The act of offering up a “remember when?” renders one vulnerable – for what was
once a moment to someone can transform into a story for someone else, carved
from the continous stream of our pasts and held dear to our hearts. Our
personal stories – unlike those we find upon the shelves at Barnes and Noble or
on the big screen – are less about plot and more about character. It’s easier
to remember that one time we hiked in Yosemite than it is to remember the
wonderment on my father’s face. But the more powerful stories translate the
intentions of the heart into the language of memory.
But I cannot ask my father
his thoughts on God after sleeping on the stars in California – whether he felt
peace or contentment; was he overwhelmed by the vastness or comforted by the
intimacy of the moment, just him among the sleeping sequoias?

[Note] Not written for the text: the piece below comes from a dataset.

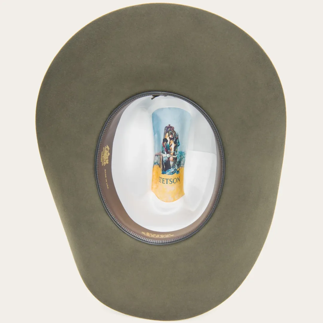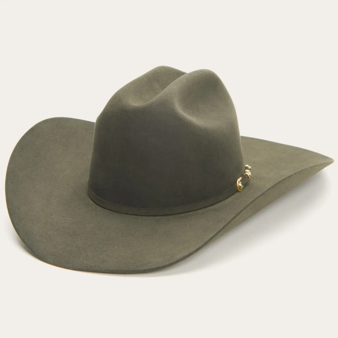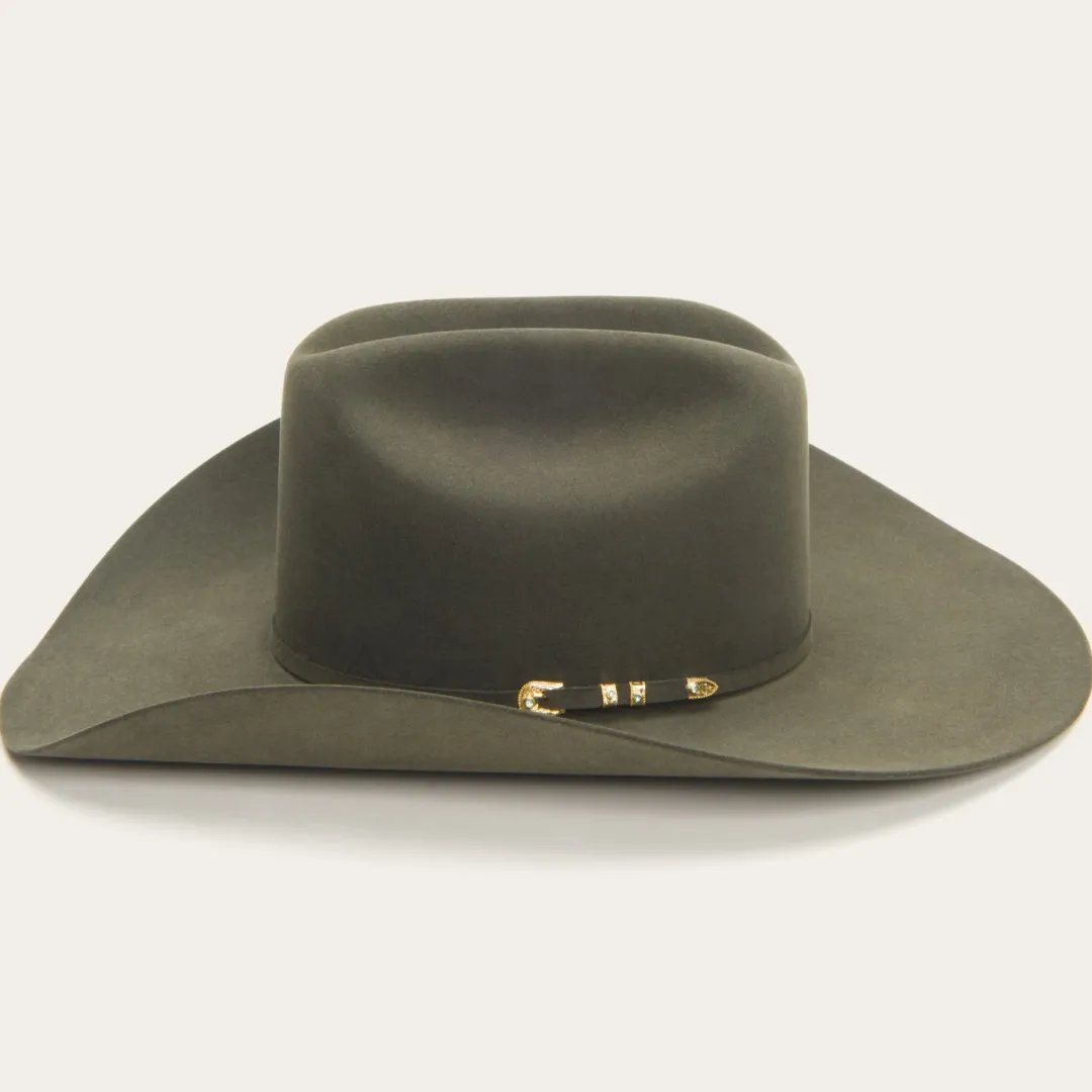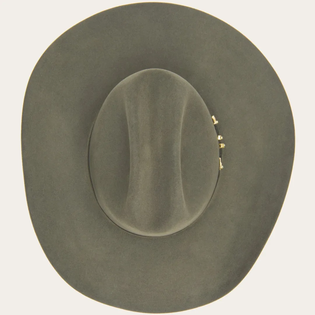 Stand out from the crowd in the Stetson Sage Munford hat. The classic and refined style is a textured staple, made of genuine 6x fur felt material. The matching hatband is accented by the focal point of this hat, the gold and silver buckle set dotted by green stones that set the entire look apart. Add this unparalleled and timeless beauty to your collection for a true western look.
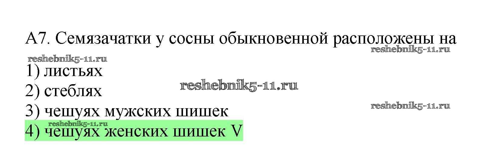Готовая домашняя работа с ответами по Биологии за 6 класс Пасечник Рабочая тетрадь УМК Дрофа 2017 ФГОС - Задания части A 7

I cannot ask him.
A brain aneurysm took my father’s life and we live everyday without him in our
present. But in its own way, the brain aneurysm took away our past, as well. Details
that may not have felt significant at the time are now pivotal and we are no
longer privy to my father’s side of the story. He cannot fill in the details
for us.
And so we gather together,
here, and share our stories of David, refusing to allow the etchings of
memories to fade. Remember when dad befriend a homeless man in Fort Lauderdale
on our family vacation? The specifics of that trip have been forgotten, other
than the fact that Abby and I sang TLC’s “I dont want no scrub” out the
windows of our rented car ad nauseum. But I do remember feeling so proud of my
father, knowing that he was eating lunch with that man on the boardwalk,
instead of on the beach with us.
Dr. Reed’s Run is also a
celebration of your stories. For some of you, moments shared with David are
well-worn on your heart, etched from tellings and re-tellings. We honor you
this morning. For others, you have your own stories of struggle, survival, and
grief. We honor your stories this morning, too.